(Data items)

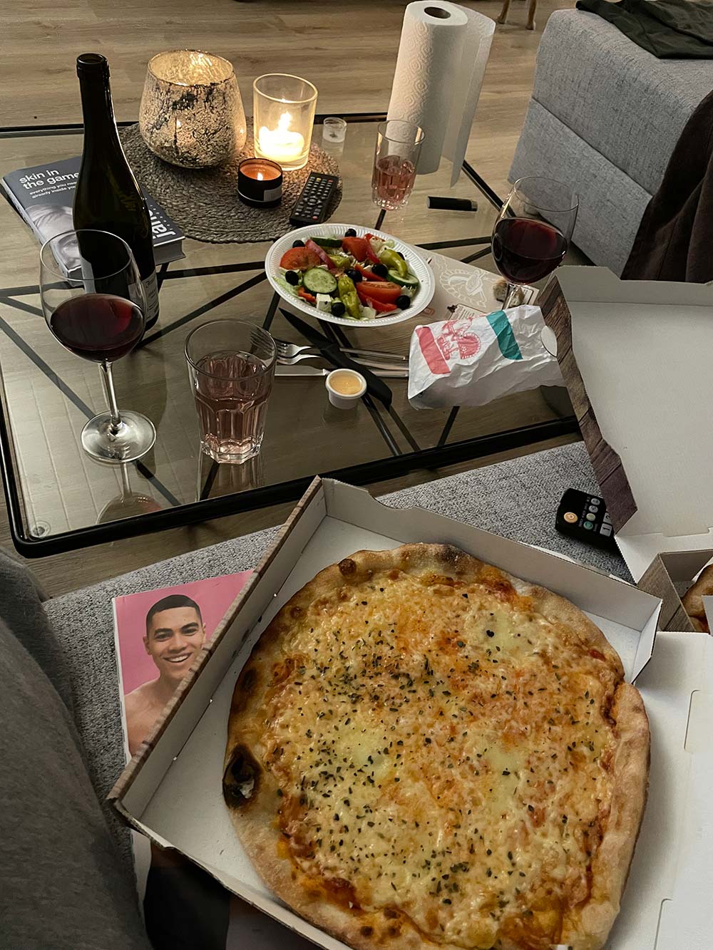 Weer thuis, wijn, chips en series.
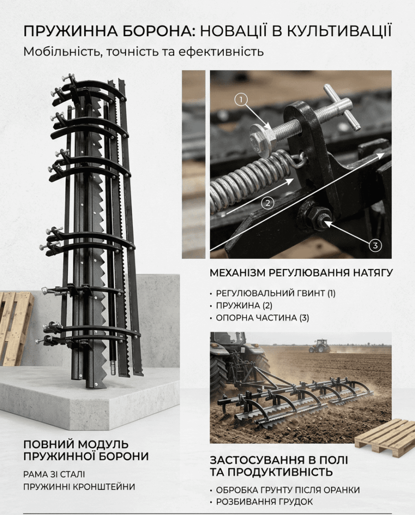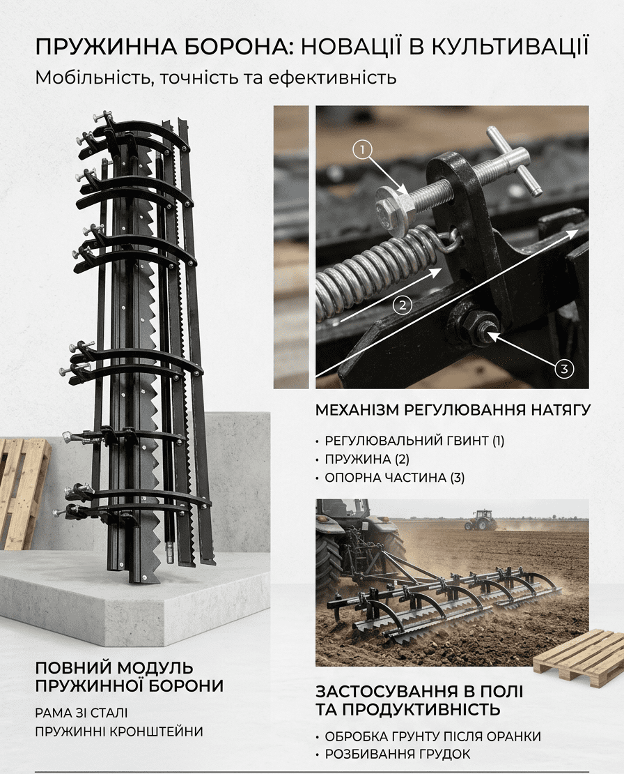 Пружинна борона з регульованою вирівнювальною планкою
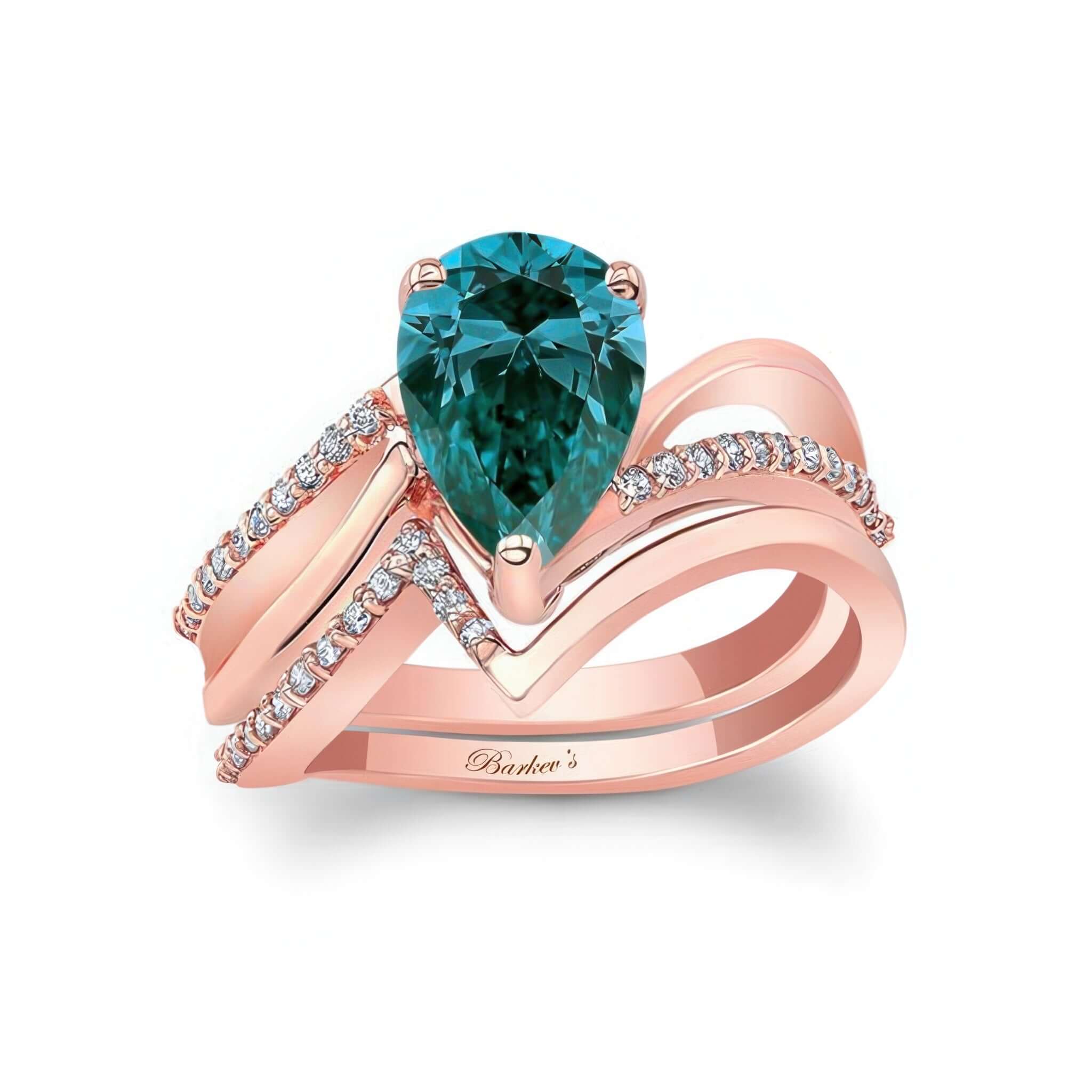 This split shank pear blue and white diamond bridal set features a center glorified by two graceful swirls, one of which is decorated by a row of prong set diamonds and a matching wedding band adding the final touch to its overall glamorous effect.
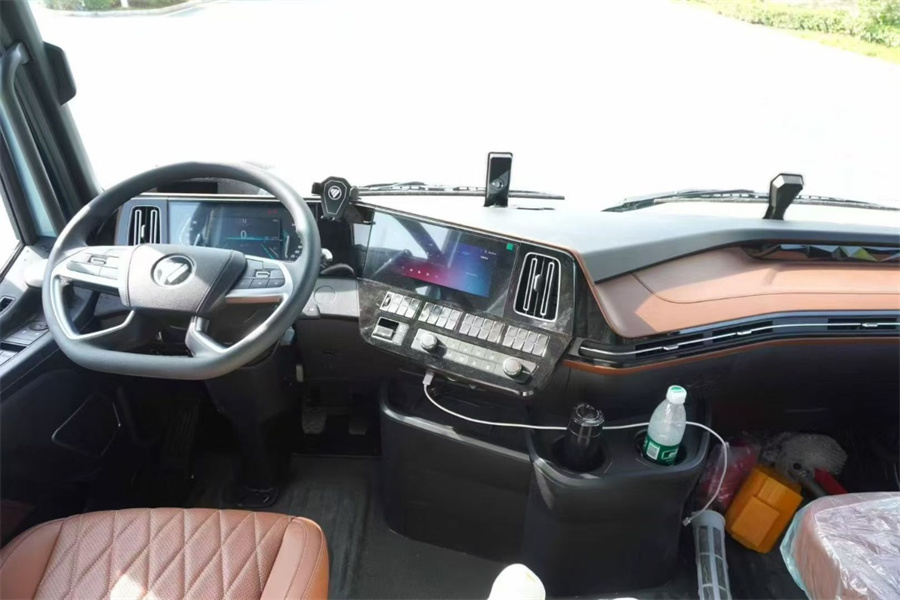 歐曼銀河3平地板駕駛室,旋鈕式變速箱,手動天窗,電動翻轉,有感應雨刮,凝夜藍金屬漆,7寸液晶組合儀表+MP5,10寸大屏+四方位影像,275/80R22.5 18PR-全鋼車輪輪胎,600L鋁油箱,9t(368)后橋,速比:3.7(自調臂ABS),135Ah鉛酸電池+無電壓轉換器,
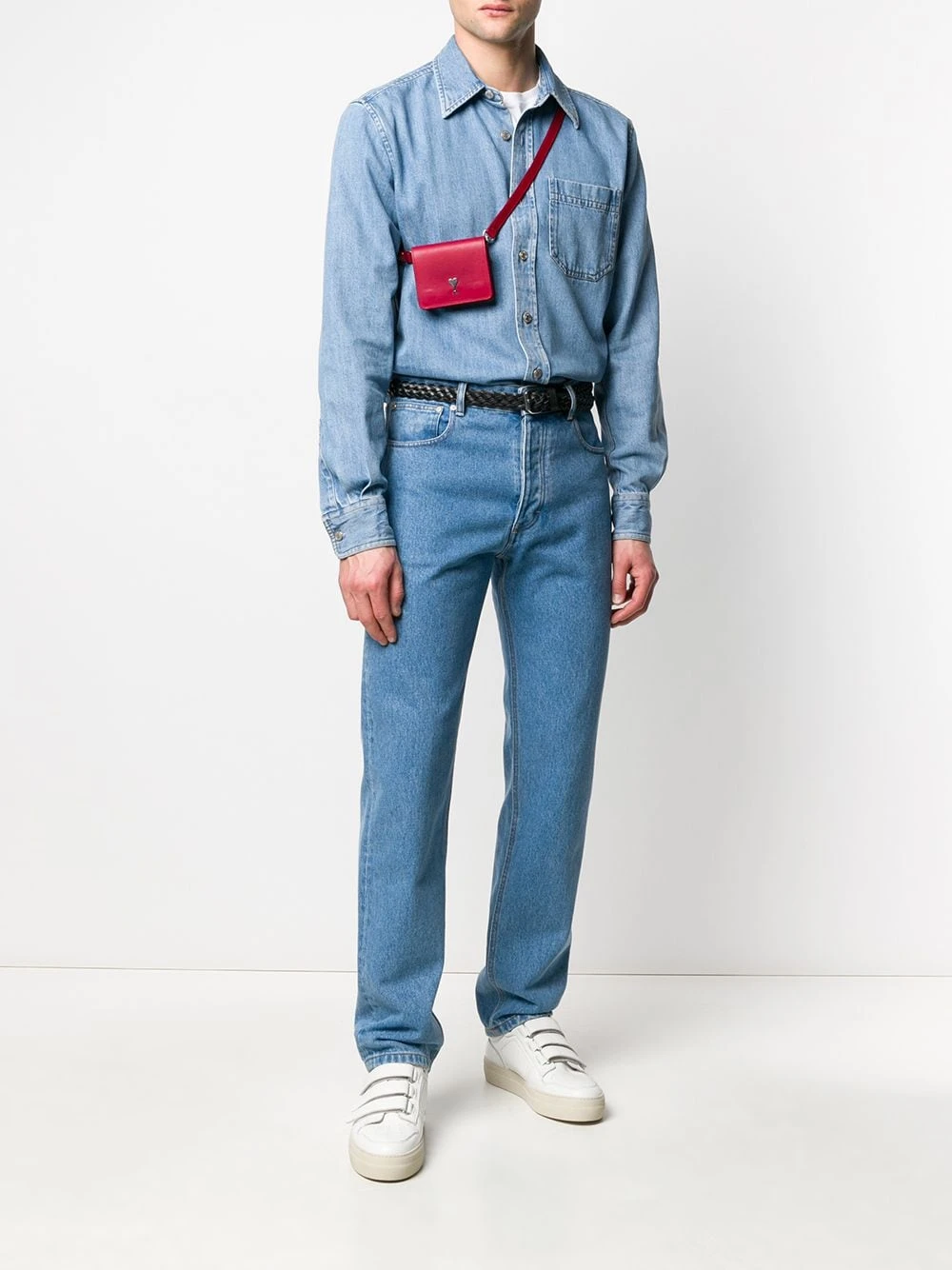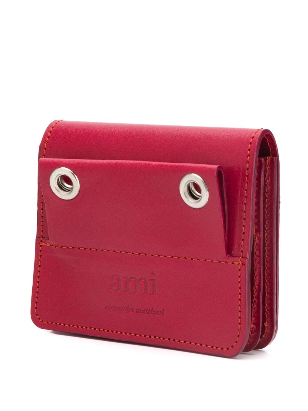 Mini pochette Ami de Coeur en cuir de veau AMI Paris avec bride portée épaule détachable, plaque logo sur le devant, fermeture magnétique et compartiment intérieur. Couleur : rouge.

### Task objective
Transcribe every line in the entries above, taking out only the images.

### Expected output
 Weer thuis, wijn, chips en series.
 Пружинна борона з регульованою вирівнювальною планкою
 This split shank pear blue and white diamond bridal set features a center glorified by two graceful swirls, one of which is decorated by a row of prong set diamonds and a matching wedding band adding the final touch to its overall glamorous effect.
 歐曼銀河3平地板駕駛室,旋鈕式變速箱,手動天窗,電動翻轉,有感應雨刮,凝夜藍金屬漆,7寸液晶組合儀表+MP5,10寸大屏+四方位影像,275/80R22.5 18PR-全鋼車輪輪胎,600L鋁油箱,9t(368)后橋,速比:3.7(自調臂ABS),135Ah鉛酸電池+無電壓轉換器,
 Mini pochette Ami de Coeur en cuir de veau AMI Paris avec bride portée épaule détachable, plaque logo sur le devant, fermeture magnétique et compartiment intérieur. Couleur : rouge.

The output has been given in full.